— Input data —
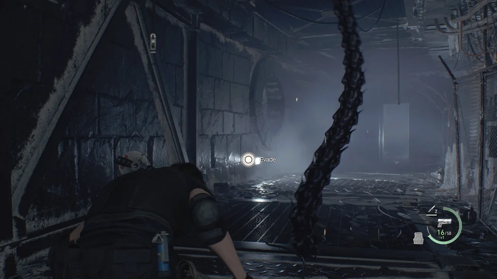 Коли ви проходите повз інший менший зал ліворуч із третім азотним душем, будьте готові до того, що ваш переслідувач почне намагатися атакувати вас своїм хвостом. У той момент, коли ви побачите хвіст, який з’являється зверху або знизу, натисніть присісти, щоб ухилитися, коли з’явиться кнопка дії, і уникнути засідки.
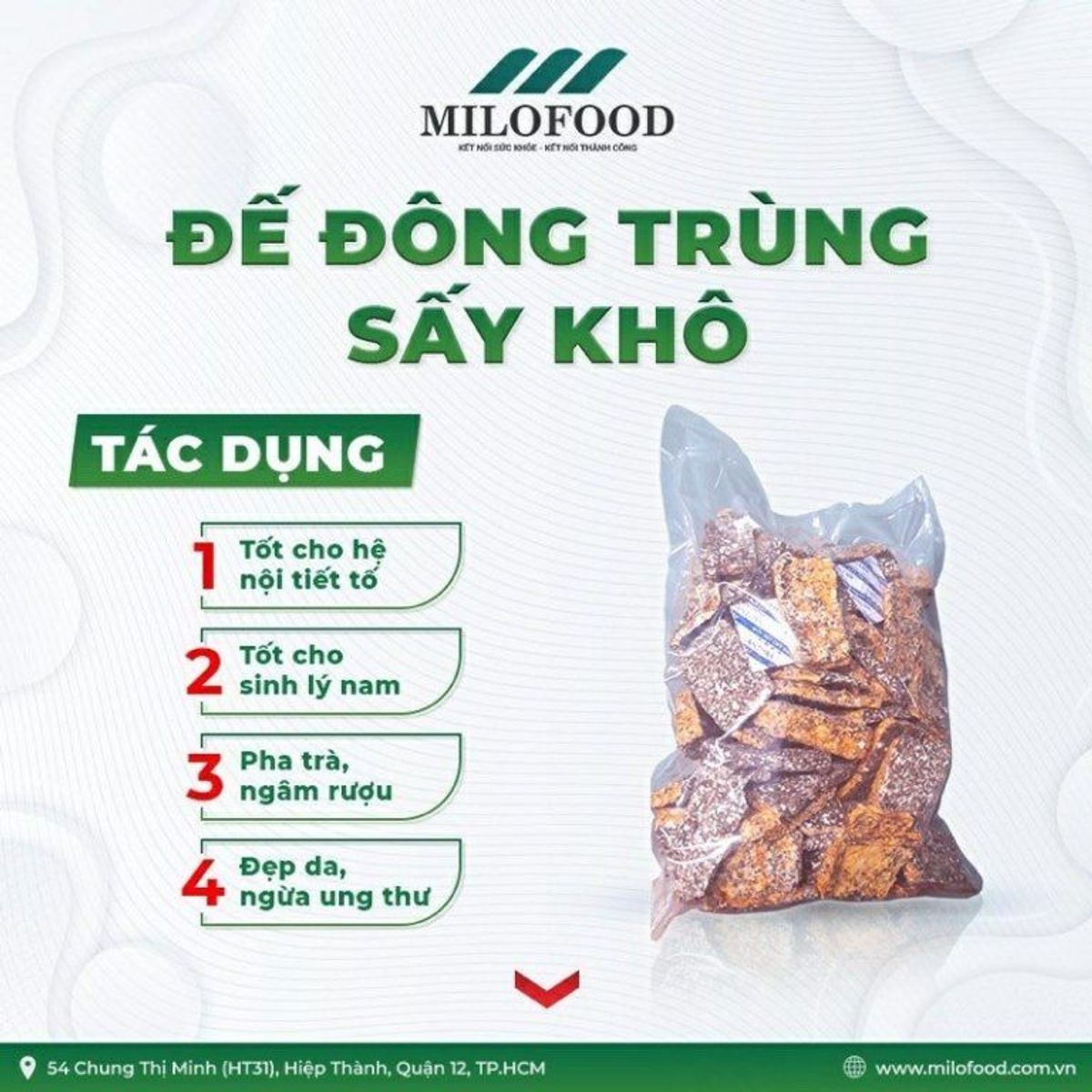 Về những công dụng mà sản phẩm mang đến cho sức khỏe con người là không thể bàn cãi. Mà hiện nay trên thị trường có quá nhiều đơn vị cung cấp sản phẩm, do đó mọi người nên cân nhắc lựa chọn kỹ lưỡng địa chỉ uy tín để mua sản phẩm. Một trong những gợi ý tuyệt vời dành cho quý khách hàng đó là Công ty MiloFood – Một trong những đơn vị chuyên nuôi trồng và phân phối sản phẩm đế đông trùng hạ thảo sấy khô đạt chuẩn, chất lượng tốt, giá cả cạnh tranh.
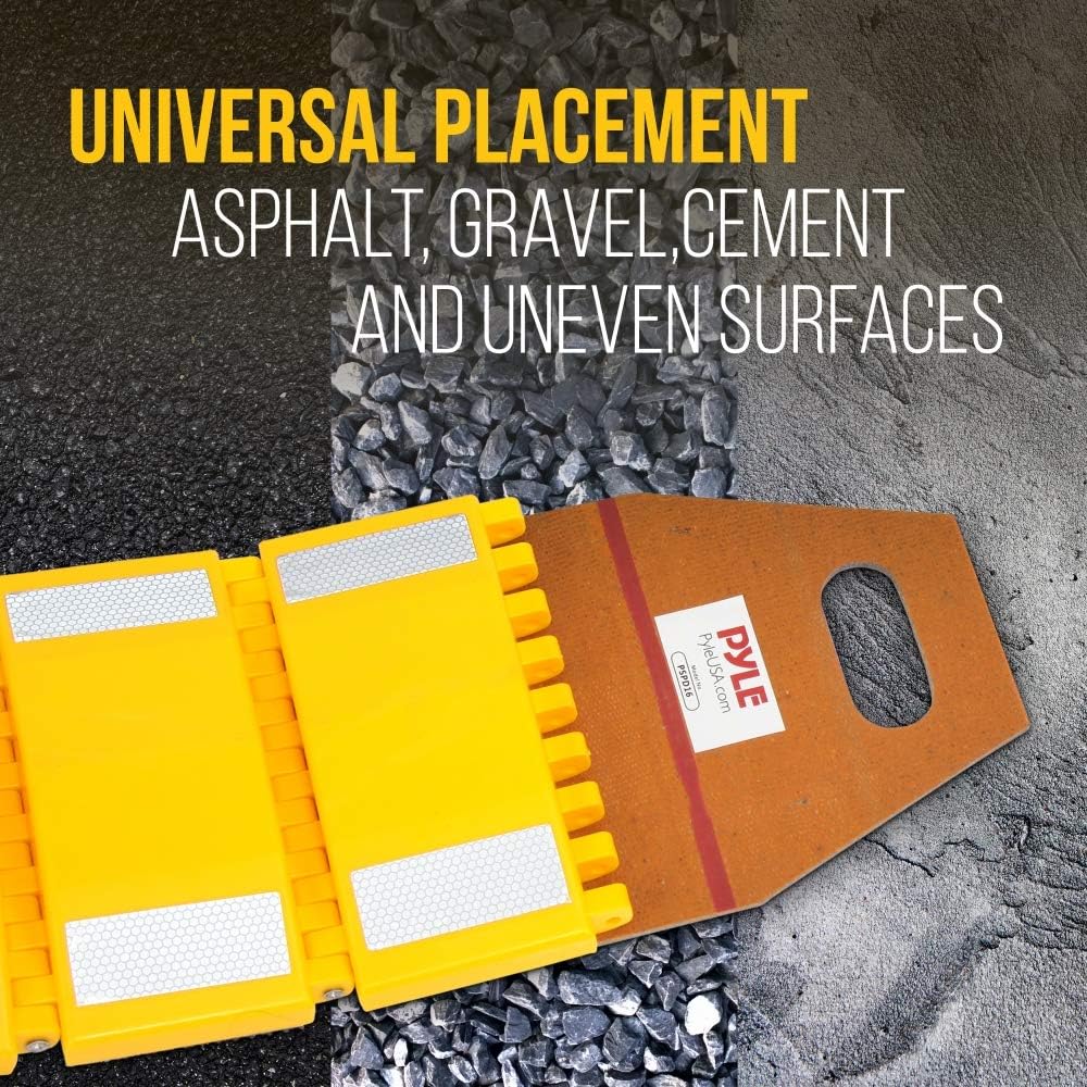 - UNIVERSAL PLACEMENT: The Pyle Vehicle Speed Bumps for driveway are designed to temporarily control traffic flow. Unlike concrete bumps, it can be deployed and retrieved in seconds. It is designed to easily conform to virtually any road surface

— Aim of the task —
Write every line above again exactly, but leave the pictures out.

— Worked solution —
 Коли ви проходите повз інший менший зал ліворуч із третім азотним душем, будьте готові до того, що ваш переслідувач почне намагатися атакувати вас своїм хвостом. У той момент, коли ви побачите хвіст, який з’являється зверху або знизу, натисніть присісти, щоб ухилитися, коли з’явиться кнопка дії, і уникнути засідки.
 Về những công dụng mà sản phẩm mang đến cho sức khỏe con người là không thể bàn cãi. Mà hiện nay trên thị trường có quá nhiều đơn vị cung cấp sản phẩm, do đó mọi người nên cân nhắc lựa chọn kỹ lưỡng địa chỉ uy tín để mua sản phẩm. Một trong những gợi ý tuyệt vời dành cho quý khách hàng đó là Công ty MiloFood – Một trong những đơn vị chuyên nuôi trồng và phân phối sản phẩm đế đông trùng hạ thảo sấy khô đạt chuẩn, chất lượng tốt, giá cả cạnh tranh.
 - UNIVERSAL PLACEMENT: The Pyle Vehicle Speed Bumps for driveway are designed to temporarily control traffic flow. Unlike concrete bumps, it can be deployed and retrieved in seconds. It is designed to easily conform to virtually any road surface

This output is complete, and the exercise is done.